• **Task instructions**:
Word for word, restate the lines of the data below between those holding "如接入混合支付、纯外部支付,开发者需与华" and "A skateboard featuring", inclusive; pictures do not belong in the copy.

*** Records provided

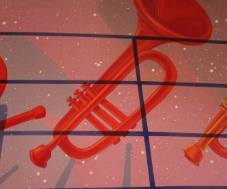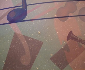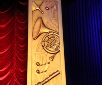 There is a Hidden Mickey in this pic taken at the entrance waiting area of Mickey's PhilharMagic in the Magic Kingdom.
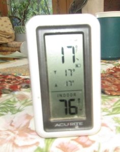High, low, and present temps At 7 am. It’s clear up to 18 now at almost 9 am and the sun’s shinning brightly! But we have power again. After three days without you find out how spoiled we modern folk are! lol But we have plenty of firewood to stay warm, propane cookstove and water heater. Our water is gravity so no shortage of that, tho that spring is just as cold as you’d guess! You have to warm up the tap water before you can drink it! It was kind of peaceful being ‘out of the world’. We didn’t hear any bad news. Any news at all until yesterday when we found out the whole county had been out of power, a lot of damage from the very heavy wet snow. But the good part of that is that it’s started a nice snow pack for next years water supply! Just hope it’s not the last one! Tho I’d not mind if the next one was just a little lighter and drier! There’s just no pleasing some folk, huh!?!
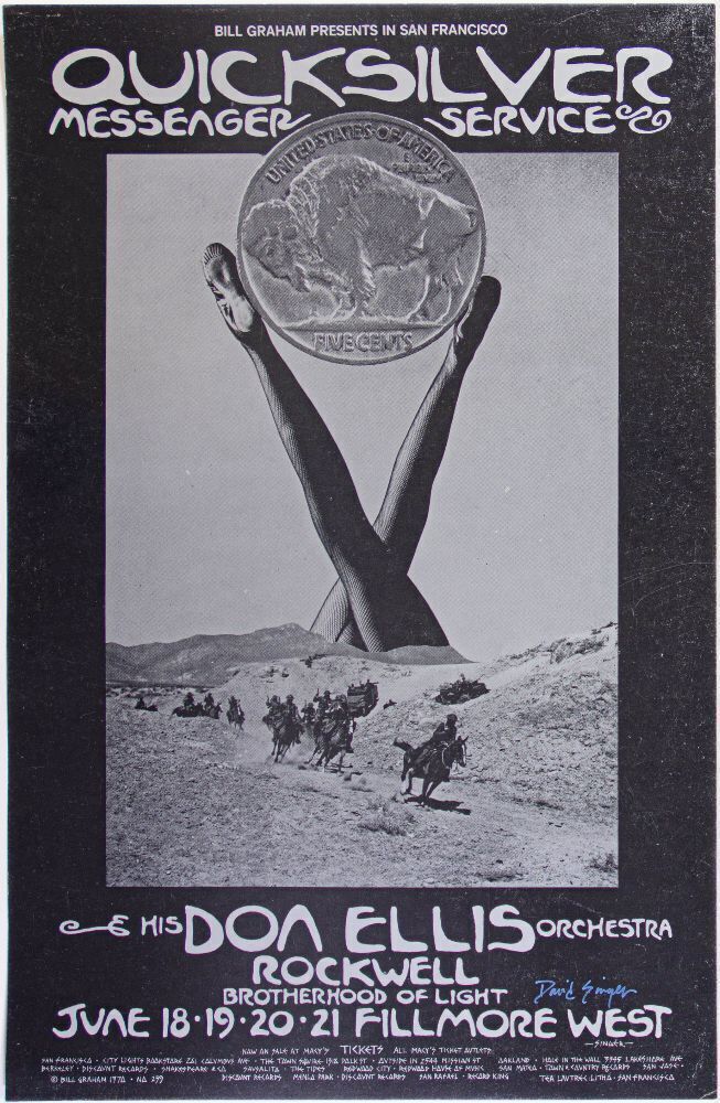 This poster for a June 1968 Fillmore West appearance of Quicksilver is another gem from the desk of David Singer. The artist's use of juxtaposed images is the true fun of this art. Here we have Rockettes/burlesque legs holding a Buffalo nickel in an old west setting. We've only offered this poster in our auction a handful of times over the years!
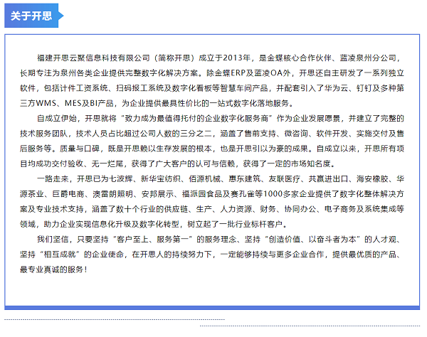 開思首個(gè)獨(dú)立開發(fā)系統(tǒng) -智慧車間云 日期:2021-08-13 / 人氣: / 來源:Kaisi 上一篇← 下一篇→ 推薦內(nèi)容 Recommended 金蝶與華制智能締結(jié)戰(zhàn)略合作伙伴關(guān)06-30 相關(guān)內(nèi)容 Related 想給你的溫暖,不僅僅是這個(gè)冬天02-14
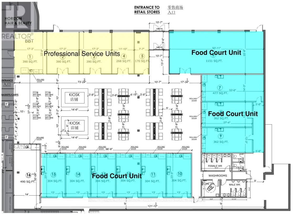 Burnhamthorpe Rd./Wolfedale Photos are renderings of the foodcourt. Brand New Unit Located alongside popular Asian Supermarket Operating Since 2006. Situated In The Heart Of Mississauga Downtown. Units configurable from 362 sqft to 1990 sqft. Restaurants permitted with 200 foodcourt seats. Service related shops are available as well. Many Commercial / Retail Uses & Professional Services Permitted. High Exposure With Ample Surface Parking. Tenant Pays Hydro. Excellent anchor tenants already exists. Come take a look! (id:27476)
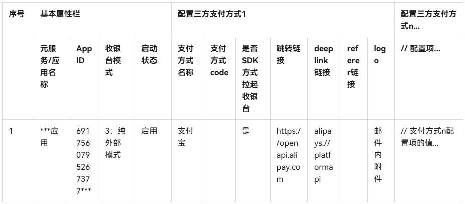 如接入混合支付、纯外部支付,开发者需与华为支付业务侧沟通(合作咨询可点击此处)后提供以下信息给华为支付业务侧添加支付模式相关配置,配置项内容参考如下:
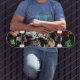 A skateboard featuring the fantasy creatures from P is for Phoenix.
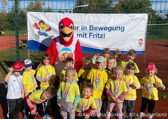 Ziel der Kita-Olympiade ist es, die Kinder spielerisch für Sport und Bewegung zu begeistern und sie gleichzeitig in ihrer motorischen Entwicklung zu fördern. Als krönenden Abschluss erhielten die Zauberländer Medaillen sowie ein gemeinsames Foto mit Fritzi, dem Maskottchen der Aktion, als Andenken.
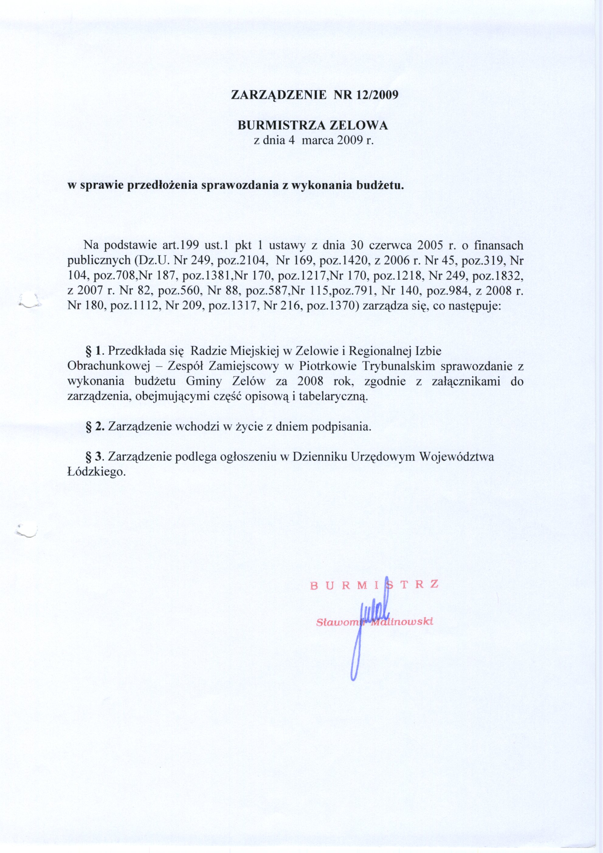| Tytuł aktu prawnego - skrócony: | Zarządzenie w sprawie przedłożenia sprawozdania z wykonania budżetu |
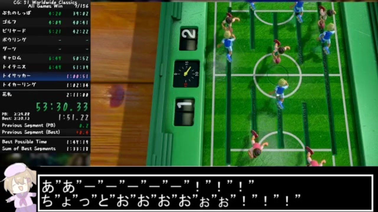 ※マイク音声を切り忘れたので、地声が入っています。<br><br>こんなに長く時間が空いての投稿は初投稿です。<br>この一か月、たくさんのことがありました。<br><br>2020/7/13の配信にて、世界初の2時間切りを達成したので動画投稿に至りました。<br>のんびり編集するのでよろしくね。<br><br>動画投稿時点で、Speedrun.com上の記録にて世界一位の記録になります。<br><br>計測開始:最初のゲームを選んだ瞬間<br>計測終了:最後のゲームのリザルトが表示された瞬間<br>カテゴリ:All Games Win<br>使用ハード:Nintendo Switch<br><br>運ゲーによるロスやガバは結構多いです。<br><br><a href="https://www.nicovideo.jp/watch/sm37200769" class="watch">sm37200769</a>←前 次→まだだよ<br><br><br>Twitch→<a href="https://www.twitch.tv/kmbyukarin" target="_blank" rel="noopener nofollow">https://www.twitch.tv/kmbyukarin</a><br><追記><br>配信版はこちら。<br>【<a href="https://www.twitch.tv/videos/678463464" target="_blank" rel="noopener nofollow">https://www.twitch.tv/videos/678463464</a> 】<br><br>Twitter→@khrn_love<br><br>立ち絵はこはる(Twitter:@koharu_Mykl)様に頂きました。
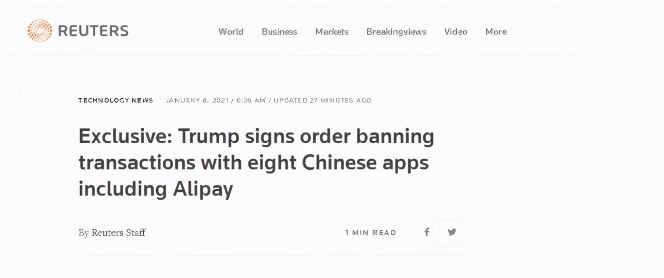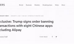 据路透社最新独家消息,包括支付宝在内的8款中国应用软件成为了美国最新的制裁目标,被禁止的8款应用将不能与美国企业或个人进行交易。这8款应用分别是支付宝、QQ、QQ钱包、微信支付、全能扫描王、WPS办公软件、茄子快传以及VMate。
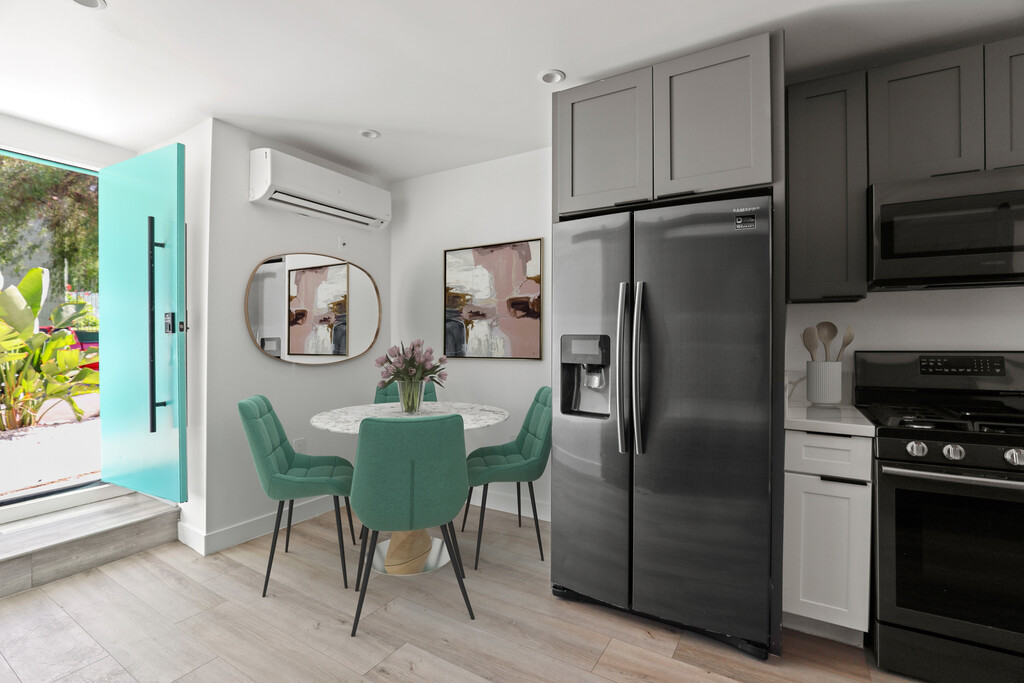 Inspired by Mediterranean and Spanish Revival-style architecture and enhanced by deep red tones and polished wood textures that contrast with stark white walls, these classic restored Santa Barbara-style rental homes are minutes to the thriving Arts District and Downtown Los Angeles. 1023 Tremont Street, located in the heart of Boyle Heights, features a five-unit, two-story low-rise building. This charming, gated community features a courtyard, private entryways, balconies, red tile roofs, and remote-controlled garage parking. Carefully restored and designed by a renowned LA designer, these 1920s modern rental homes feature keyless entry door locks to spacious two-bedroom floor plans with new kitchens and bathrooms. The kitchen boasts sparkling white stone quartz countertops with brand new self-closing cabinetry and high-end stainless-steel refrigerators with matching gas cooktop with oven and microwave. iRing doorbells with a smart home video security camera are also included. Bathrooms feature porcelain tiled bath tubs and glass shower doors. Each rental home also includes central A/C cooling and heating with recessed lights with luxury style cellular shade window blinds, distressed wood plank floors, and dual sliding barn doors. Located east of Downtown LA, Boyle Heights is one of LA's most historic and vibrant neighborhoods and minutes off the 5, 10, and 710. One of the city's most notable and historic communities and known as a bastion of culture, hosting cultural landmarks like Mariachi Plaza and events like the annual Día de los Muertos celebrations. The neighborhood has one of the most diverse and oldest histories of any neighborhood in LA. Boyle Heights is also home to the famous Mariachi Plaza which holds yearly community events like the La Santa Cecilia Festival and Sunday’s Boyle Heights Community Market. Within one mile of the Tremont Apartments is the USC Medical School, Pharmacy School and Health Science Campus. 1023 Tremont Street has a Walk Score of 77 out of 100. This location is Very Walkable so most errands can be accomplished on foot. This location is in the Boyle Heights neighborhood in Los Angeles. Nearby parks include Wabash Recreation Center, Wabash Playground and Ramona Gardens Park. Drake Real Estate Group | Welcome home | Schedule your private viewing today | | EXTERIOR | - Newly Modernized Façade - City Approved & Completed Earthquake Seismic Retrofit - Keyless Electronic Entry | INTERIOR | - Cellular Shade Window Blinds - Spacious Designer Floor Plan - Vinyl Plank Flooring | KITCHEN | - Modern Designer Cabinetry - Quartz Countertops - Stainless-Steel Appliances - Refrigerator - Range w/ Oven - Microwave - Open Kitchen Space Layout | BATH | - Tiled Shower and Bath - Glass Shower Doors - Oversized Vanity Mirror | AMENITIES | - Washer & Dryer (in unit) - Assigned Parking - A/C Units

******

• **Response**:
 如接入混合支付、纯外部支付,开发者需与华为支付业务侧沟通(合作咨询可点击此处)后提供以下信息给华为支付业务侧添加支付模式相关配置,配置项内容参考如下:
 A skateboard featuring the fantasy creatures from P is for Phoenix.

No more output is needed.